Ernest Nivet et le souvenir de 14-18


1923 Auguste Rodin, le sculpteur français le plus célèbre de la Belle Epoque, est décédé depuis six ans. Camille Claudel, sa collaboratrice et compagne abandonnée, minée par le chagrin, est internée depuis dix ans. L’un de leurs élèves, paysan berrichon, sculpteur lui aussi, vit modestement dans un petit atelier du faubourg St-Denis à Châteauroux. L’endroit, « exigu qu’illumine une seule verrière, est plein jusque dans ses moindres recoins. Dans un angle, des linges mouillés sous lesquels palpite une vie, l’ébauche d’une œuvre », observe Georges Lubin1qui vient de rendre visite à l’artiste.

Ce sculpteur discret se nomme Ernest Nivet. Il façonne ses œuvres ici, dans ce réduit, au milieu du bric-à-brac, avec le calme et l’opiniâtreté des paysans, travailleurs des vignes et des champs dont il est issu. L’homme est grand et fort, le visage prolongé par une barbe opulente et le regard pénétrant. On pense à Baffier, un autre géant au corps massif, sculpteur réputé, de trente ans son aîné et qui vient de mourir. Désormais, la relève c’est lui, Ernest Nivet, proche de Baffier par ses origines paysannes, plus éloigné par ses objectifs et son genre de vie. A Châteauroux il est chez lui, loin des turbulences parisiennes qui ont encadré son apprentissage aux Beaux-arts puis chez Rodin et qu’il ne supporte plus. Depuis le début du XXe siècle, il est devenu, par étapes, le sculpteur des humbles, des fileuses et des tricoteuses, des faucheurs et des bergers. En 1923, il termine un monument aux morts de 14-18 commandé par le Conseil général de l’Indre qui représente « deux femmes, deux Berrichonnes en caraco et en coiffe.
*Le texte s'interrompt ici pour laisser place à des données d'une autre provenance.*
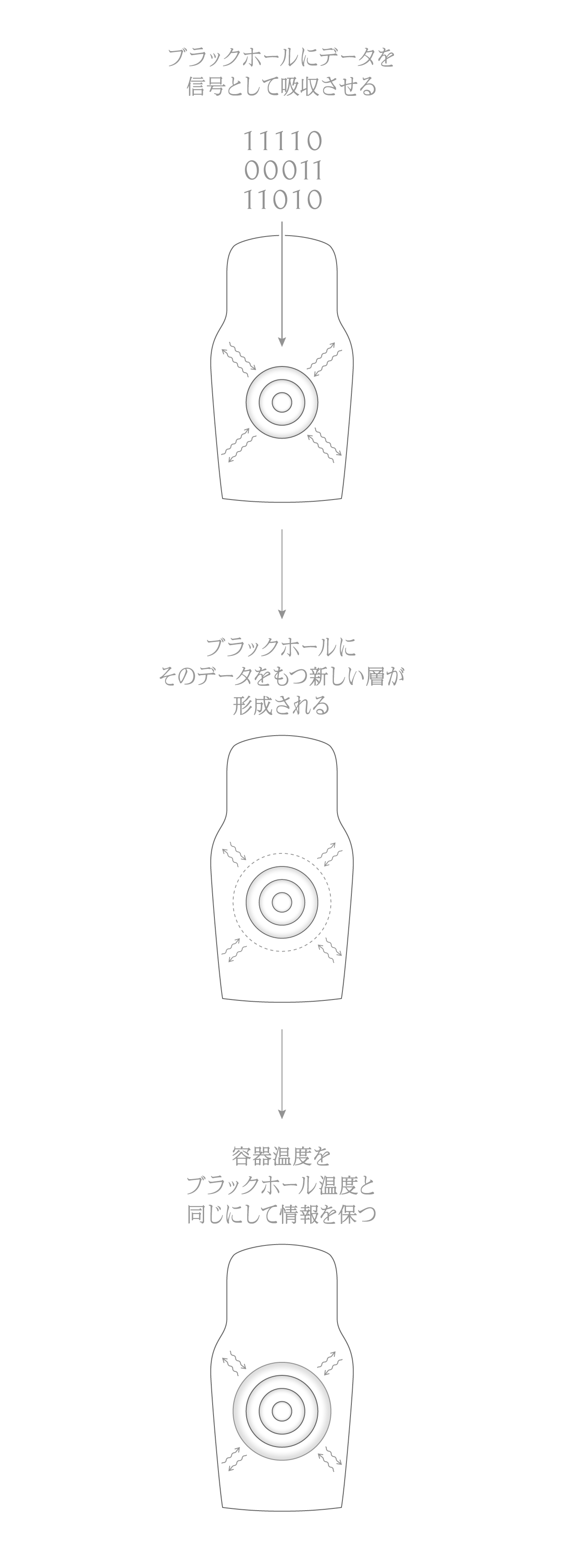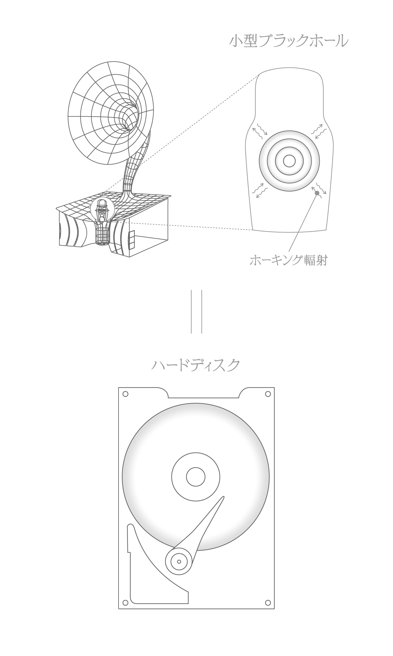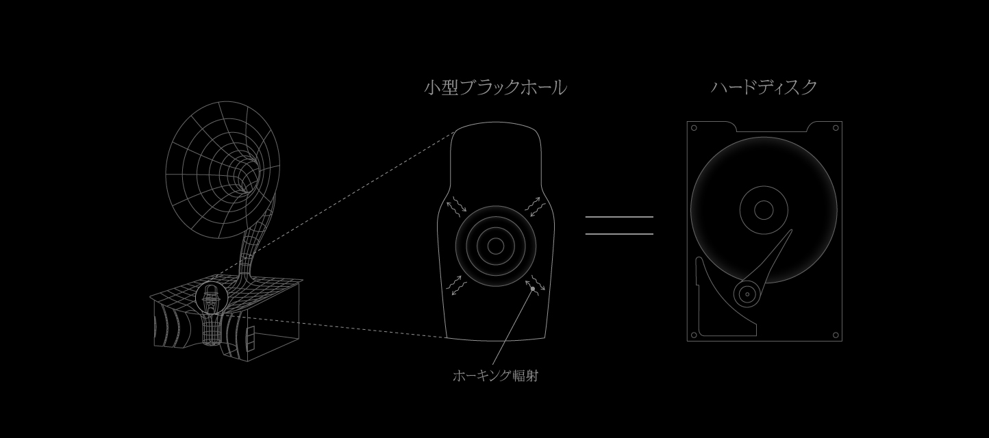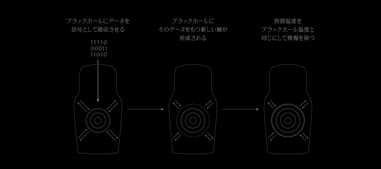 ブラックホールは内部に情報を取り込み、蒸発と共に外にその情報を放出すると予想されていますが、その仕組みは未だにわかっていません。その仕組みのひとつの可能性を示した最新論文にインスパイアされて空想・具現化したものが、Black Hole Recorderです。

L’une pleure, l’autre songe avec douleur et prie peut-être : merveilleuse personnification du Souvenir, toujours vivant dans l’âme des mères et des épouses (1) ». Cette représentation peut paraître surprenante, en rupture avec la majorité des monuments créés en hommages aux soldats souffrants ou victorieux. Interrogé sur ce choix le sculpteur l’explique par la rencontre inopinée de deux paysannes qui accompagnaient le cercueil d’un soldat mort à la guerre. Les deux femmes qu’il a modelées sont figées dans le recueillement. La plus âgée est une mère, poings serrés, révoltée par une mort injuste ; la plus jeune, sœur ou épouse, mains jointes, prie pour le défunt. Avec cette œuvre (2), Nive bascule de la guerre à l’après-guerre, de la souffrance des poilus à la douleur de celles et de ceux qui survivaient à l’arrière.

Et – le saviez-vous ? – Nive est devenu, au fil du temps, un spécialiste reconnu du monument aux morts. Il avait attiré l’attention dès 1900 avec le monument de Buzançais pour la guerre de 1870 : pas de soldat assoiffé de revanche (dans l’air du temps) mais une veuve en sabots qui cache son visage pour pleurer. En 1909, à Issoudun, l’artiste persistait avec une mère qui hurle de douleur en soutenant dans ses bras le corps de son fils mort à la guerre. Et puis, en1915, le sculpteur découvre le front, la vie dans les tranchées, la souffrance des soldats. Ses souvenirs de guerre le poursuivent : au début des années vingt, il réalise deux autres monuments (à Levroux, son pays natal et à Eguzon) qui montrent un poilu ; mais celui-ci n’est pas un guerrier qui cherche la victoire, c’est un homme casqué qui médite et qui souffre. Un an plus tard, avec « la Berrichonne » de la Châtre, Nive revient sur la symbolique antérieure et montre une paysanne qui pleure devant la dépouille de son enfant. Après le monument aux morts de l’Indre, il réalisera celui de la ville de Châteauroux (place Lafayette, 1937) comme une conclusion : la mère et le fils sont réunis mais ce dernier est amputé du bras droit.

Ernest Nive ne « faisait pas de politique », au sens trivial que l’on donne aujourd’hui à cette expression. Pourtant, sa série de monuments aux morts délivre un message discret : la mémoire du conflit ne se limite pas au patriotisme, à l’esprit de sacrifice et au courage des combattants. Ces monuments sont aussi des lieux de regrets et de deuil, il est utile de rappeler la douleur de ceux qui restent. Et puis, la souffrance des veuves engendre un désir de paix, une voix qui murmure « quelle connerie la guerre… C’est une pluie de deuils, terrible et désolée ». Ce murmure, Prévert l’illustrait avec des mots ; Nive l’a gravé dans la pierre.

1 Georges Lubin (1904-2000), écrivain né à Ardentes, Une heure chez Nive, Le Centre Républicain, 23/07/1953.